§ **WORK TO COMPLETE**
Print the whole listing again exactly, keeping no pictures in it.

§ **EXERCISE DATA**
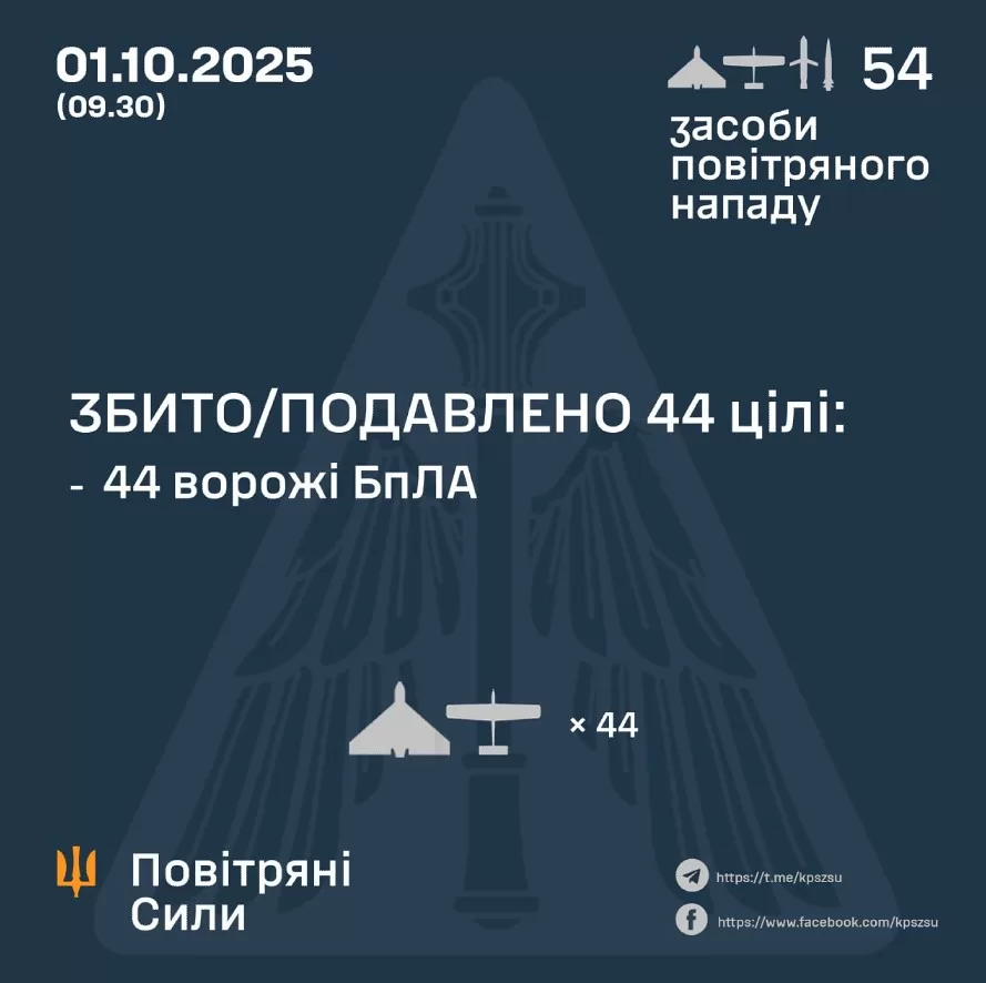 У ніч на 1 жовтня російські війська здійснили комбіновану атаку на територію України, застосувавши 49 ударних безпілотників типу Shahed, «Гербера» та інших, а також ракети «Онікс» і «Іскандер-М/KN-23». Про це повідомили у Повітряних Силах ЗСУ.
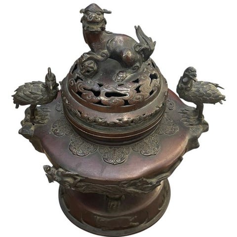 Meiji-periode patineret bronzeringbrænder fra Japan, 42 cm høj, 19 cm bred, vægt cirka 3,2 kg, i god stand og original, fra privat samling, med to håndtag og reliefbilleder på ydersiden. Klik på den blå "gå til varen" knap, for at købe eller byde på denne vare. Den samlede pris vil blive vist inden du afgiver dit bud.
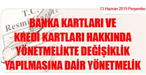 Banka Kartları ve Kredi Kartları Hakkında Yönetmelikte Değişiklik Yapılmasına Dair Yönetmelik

§ **OUTPUT BELOW**
 У ніч на 1 жовтня російські війська здійснили комбіновану атаку на територію України, застосувавши 49 ударних безпілотників типу Shahed, «Гербера» та інших, а також ракети «Онікс» і «Іскандер-М/KN-23». Про це повідомили у Повітряних Силах ЗСУ.
 Meiji-periode patineret bronzeringbrænder fra Japan, 42 cm høj, 19 cm bred, vægt cirka 3,2 kg, i god stand og original, fra privat samling, med to håndtag og reliefbilleder på ydersiden. Klik på den blå "gå til varen" knap, for at købe eller byde på denne vare. Den samlede pris vil blive vist inden du afgiver dit bud.
 Banka Kartları ve Kredi Kartları Hakkında Yönetmelikte Değişiklik Yapılmasına Dair Yönetmelik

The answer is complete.